I nod. “I must talk to him. He has to come home. Mum’s miserable without him. And no one’s changed the bin all week. There are these horrible little flies hovering over the box for the compost and the nappy bin is so full me and Mum can’t lift it. The whole house stinks.”

Clover starts to laugh.

“Why are you laughing?” I demand. “It’s not funny!”

“You want Dave back ’cos the house smells?”

“No! Not just that. Mum misses him. And the babies miss him.”

She looks at me, her head tilted to one side. “And what about you, Beanie? Do you miss him?”

“A little,” I admit. “But most of all I miss Mum. She’s not herself at the moment. It’s like living with someone out of
Coronation Street
. She never stops crying and she’s been wearing her dressing gown all week. She hasn’t had a shower for days. She’ll be smoking next and drinking gin at breakfast. I can’t take it any more.”

“So you want to convince him to come home?”

“Yes, if I can.”

“Then there’s something you should read first. It might just help you understand where he’s coming from. I found it a while back when I was googling a fashion label called Colts.”

“That’s Dave’s old band, isn’t it? The Colts?”

“It sure is, Beanie. He’s so obvious. Wait there.” She walks out the back door and into her office. She comes back out with a plastic folder in her hands. Then she grabs her car keys from the pottery bowl on the hall table. “What are we waiting for? Let’s go. You can read this in the car.”

“But where will we find him? I don’t know where he’s staying.”

She looks at me crookedly. “Amy, you’ve been solving problems with me for weeks now. Use your nut.” She knocks on my head gently with her knuckles. “We’re going to the hospital.”

“Why didn’t I think of that?”

“Because clearly I have the superior brain.”

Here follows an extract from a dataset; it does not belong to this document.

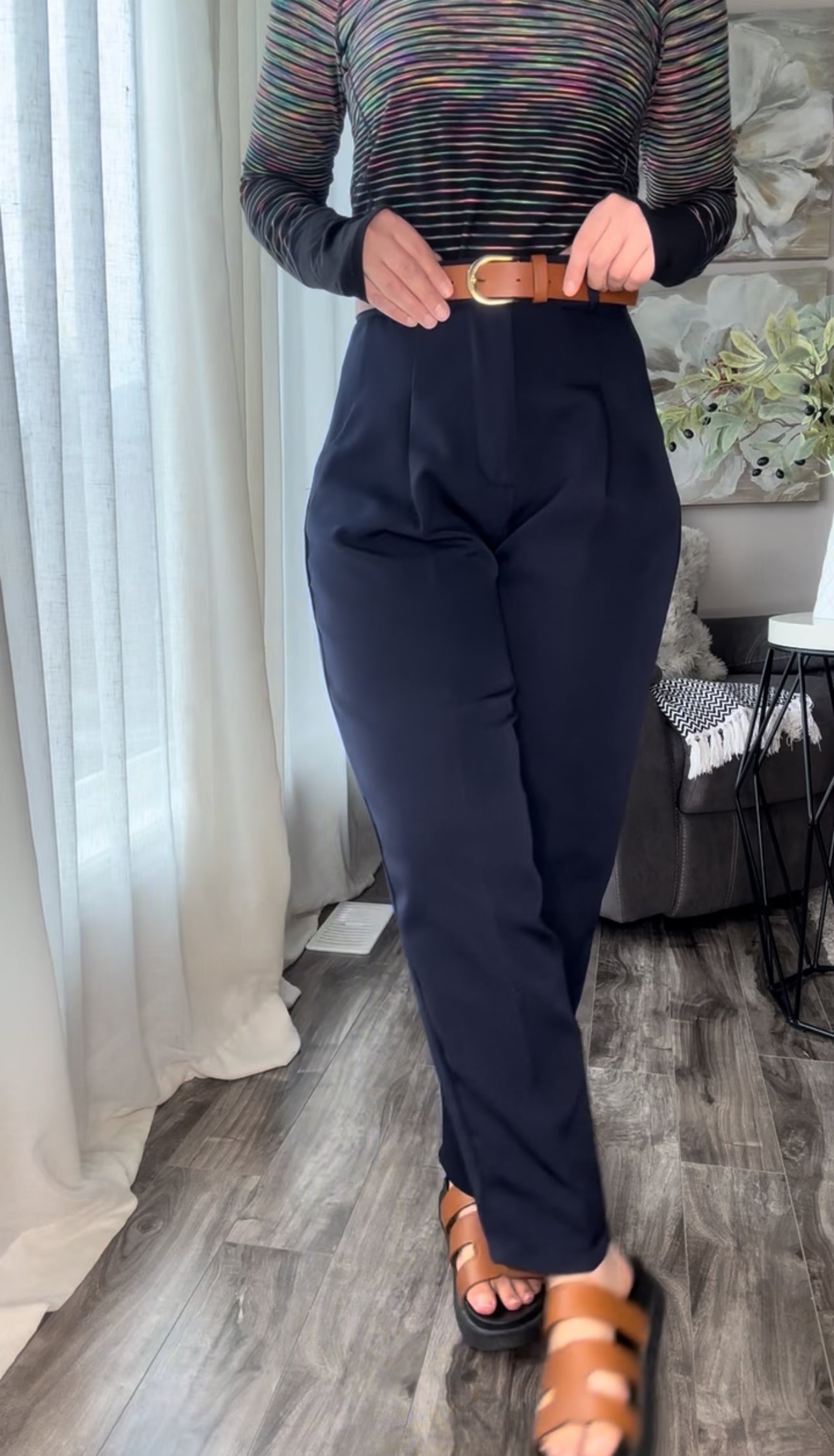 High rise. Button closure. Tailored wide straight leg Trousers.

As Clover parks the car in the St Vincent’s car park, my stomach is in knots. What am I going to say to him? What if he won’t talk to me? What if he’s not on duty at all? I know he’s on days at the moment because I rang Mum on the way over here – she was so spaced out she didn’t even ask why I wanted to know – but maybe his rota has changed.

“Stop worrying, Beanie,” Clover says as she locks the car. “It’ll be fine. Just tell him what you told me. Without mentioning the bins.”

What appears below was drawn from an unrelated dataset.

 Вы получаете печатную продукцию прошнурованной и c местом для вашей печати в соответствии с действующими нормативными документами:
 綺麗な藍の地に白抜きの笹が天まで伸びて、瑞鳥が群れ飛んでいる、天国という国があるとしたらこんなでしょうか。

I nod silently, still feeling sick.

I know where the nurses’ station is because I’ve called in before with Mum. As we approach I see Dave sitting inside, reading a patient’s chart. He looks tired, his face is pale and he has dark rings under his eyes. Sensing my gaze he looks up and our eyes lock. He says something to the nurse beside him and walks towards me. I can feel my cheeks burn. I still have no idea what I’m going to say.

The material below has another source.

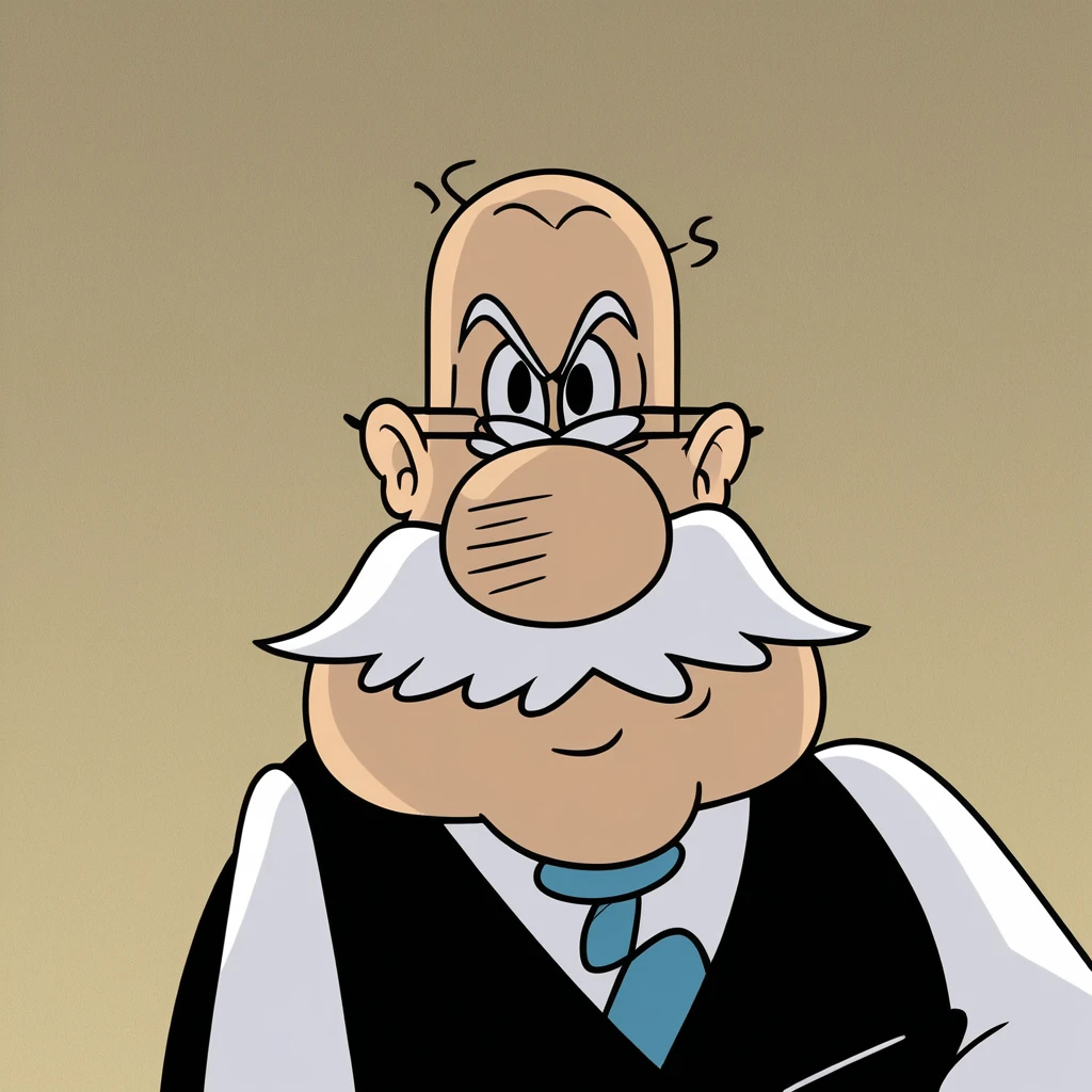 MrGrouse , 1boy, solo, bald , black eyes, mustache, glasses,

“I’ll be just down the corridor,” Clover says quietly.

“No, stay,” I say, but she’s already gone.

“Amy,” Dave says. It’s hard to read the expression on his face. He has every right to be annoyed with me, but he doesn’t seem angry. “What are you doing here?”

I open my mouth to say something but nothing comes out.

“Did your mum send you?” he asks.

I shake my head. “No. It was my idea. Clover drove me here. I just want to talk to you.”

“Talk so.”

I look around, floundering. Why is this so difficult? Just say sorry, I tell myself. Apologize for being mean to him. Ask him to come home.

“Mum misses you,” I manage.

“Does she now?”

“And the babies. Alex won’t sleep on his own. He’s been in Mum’s bed all week.”

Dave makes a tiny clicking noise with his tongue against his teeth and I realize what I’ve said. “
Your
bed,” I correct myself.

“That’s just it.” He sighs. “Look, this whole family thing is bigger than I am.” He runs his hands over his head. “I don’t know if I can do it. Do you understand?”